Age is the most common nonmodifiable risk factor for CSVD, and the aging of the population has led to the increased global prevalence of CSVD. Almost 100% of adults aged 90 and older have evidence of CSVD, with 36% of adults aged 80 to 90 demonstrating evidence of cerebral microbleeds.
Several modifiable clinical risk factors are associated with the development of CSVD. These include hypertension, obstructive sleep apnea, diabetes mellitus, hyperlipidemia, and tobacco use. Chronic kidney disease is associated with increased presence of cerebral microbleeds, white matter hyperintensities, and silent brain infarctions.
In 2013, a multidisciplinary group from the Centers for Standards in Neurodegeneration published a position paper describing the need for consistent terminology and setting the standard for describing CSVD. They described six radiographic phenotypes of CSVD: (1) recent small subcortical infarct, (2) white matter hyperintensity, (3) lacune of presumed vascular origin, (4) widened perivascular spaces, (5) cerebral microbleed, and (6) brain atrophy.

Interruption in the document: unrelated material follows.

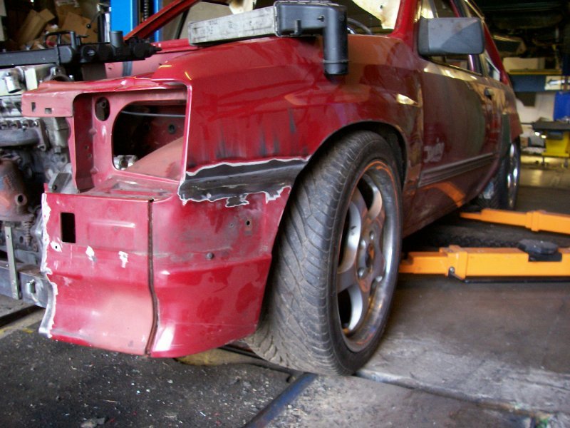 Mein Wunsch war also eher, dass man wohl auf dem zweiten Blick erkennen kann, dass die Karosserie nachgearbeitet worden ist. Allerdings soll der erste Eindruck eher vermitteln, dass diese Felgenbreite eigentlich auch so auf jeden Corsa draufpassen müsste. Das heisst dann also, dass der originale Radlauf in seiner generellen Bauform nicht entscheidend verändert werden darf: Hierfür wird im Grunde zuerst der Aussenradlauf vom Innenradlauf getrennt, sowie vorne und hinten eingeschnitten und dieser dann entsprechend grossflächig nach aussen gebogen. Der dann entstehende Spalt vorne und hinten der Auftrennung wird dann mit kleineren Zwischenblechen überbrückt und sämtliche offenen Stellen sowie der Innenradlauf wieder sauber verschweisst. Und bei den vorderen Kotflügeln reicht nur das Einschneiden, Aufweiten und wieder Verschweissen, da vorne der Innenradlauf mit zur Karosserie gehört und lediglich verlängert werden muss. ABER: Was sich hier alles so einfach liest, erforderte die erfahrene Hand eines Karosseriebauers, bei dem ich mich an dieser Stelle nochmal ganz herzlich für die hervorragende Umsetzung meiner Idee bedanken möchte: Besonders aufschlussreich sind die Bilder, bei denen von unten ins Radhaus geschaut wird. Anhand dieser Fotos erkennt man am Besten, wie weit das Radhaus nach aussen getrieben werden musste, um Freigang für die 215er Reifen auf einer 7,5Jx16-Felge zu bekommen. Laut TÜV-Vorgabe muss, wenn man frontal auf die Felge schaut und sich dabei eine Uhr mit Stundenzeiger vorstellt, von der 10:00 Uhr bis zur 14:00 Uhr-Stellung (siehe auch Foto 1) die Reifenlauffläche komplett abgedeckt sein - was mit den Umbaumassnahmen in Verbindung mit den originalen Schürzen auch gelang. Anbei ein paar Bilder vom Umbau der Radhäuser:

4 tables and 5 figures with this, including MR
2. Perneczky R, Jessen F, Grimmer T, et al. Anti-amyloid antibody therapies in Alzheimer’s disease. Brain. 2023;146(3):842-849. doi:10.1093/brain/awad005
New disease-modifying therapies (DMT) promise a step change in dementia care and prevention. At present, monoclonal antibodies (mAbs) targeting amyloid-β (Aβ) are the most prevalent drugs in phase III trials, with robust evidence on their engagement of the biological target in humans. However, clinical efficacy is less consistent across different agents, and the overall trial evidence so far indicated that successful Aβ clearance in early Alzheimer’s disease has at best very small effects on cognitive decline. The authors present this update which aims to elucidate the key reasons for those inconsistencies. To showcase the challenges with developing DMTs for Alzheimer’s disease, they start with an analysis of the three most recent anti-Aβ mAbs with completed phase III trials. They provide reasons why results of meta-analyses of the previous trials are less relevant in the appreciation of the new lecanemab data, including differences in drug dose, cohort characteristics, mAb specificity and adverse events.
Aducanumab, a human IgG1 mAb targeting amino acids of the Aβ peptide, is specific for Aβ plaques and on 7 June 2021, the US Food and Drug Administration (FDA) approved aducanumab for the treatment of Alzheimer’s disease. Significant side effects also occurred during treatment with aducanumab in the phase III trials. Of particular importance were amyloid-related imaging abnormalities with edema (ARIA-E) and/or microhemorrhages (ARIA-H) on brain MRI scans, with an incidence of 35% and 36% in the two phase III studies, and 25% of affected participants experiencing symptoms, particularly in carriers of the APOE ϵ4 allele.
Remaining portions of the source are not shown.